*Extracted data*
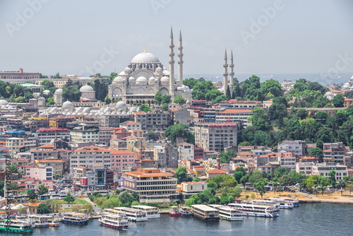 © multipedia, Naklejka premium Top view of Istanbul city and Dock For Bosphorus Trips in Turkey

* * *

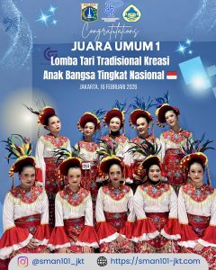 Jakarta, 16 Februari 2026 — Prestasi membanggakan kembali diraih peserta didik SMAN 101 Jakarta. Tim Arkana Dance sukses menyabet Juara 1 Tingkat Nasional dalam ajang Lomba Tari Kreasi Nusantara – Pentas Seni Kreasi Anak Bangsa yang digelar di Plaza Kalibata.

--

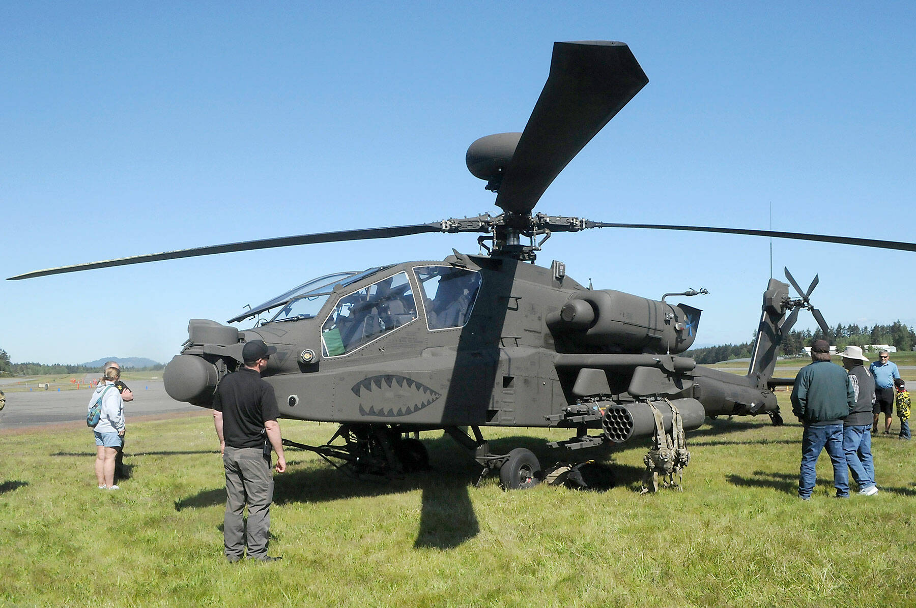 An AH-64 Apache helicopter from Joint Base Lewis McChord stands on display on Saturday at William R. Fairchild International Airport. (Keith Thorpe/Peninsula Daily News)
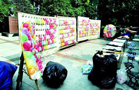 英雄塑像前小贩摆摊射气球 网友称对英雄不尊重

*Assignment*
Within the entries above, the lines from the one containing "An AH-64 Apache" through the one containing "英雄塑像前小贩摆摊射气球 网友称对英雄不尊重" are to be transcribed exactly, ends included, pictures excluded.

*Answer space*
 An AH-64 Apache helicopter from Joint Base Lewis McChord stands on display on Saturday at William R. Fairchild International Airport. (Keith Thorpe/Peninsula Daily News)
 英雄塑像前小贩摆摊射气球 网友称对英雄不尊重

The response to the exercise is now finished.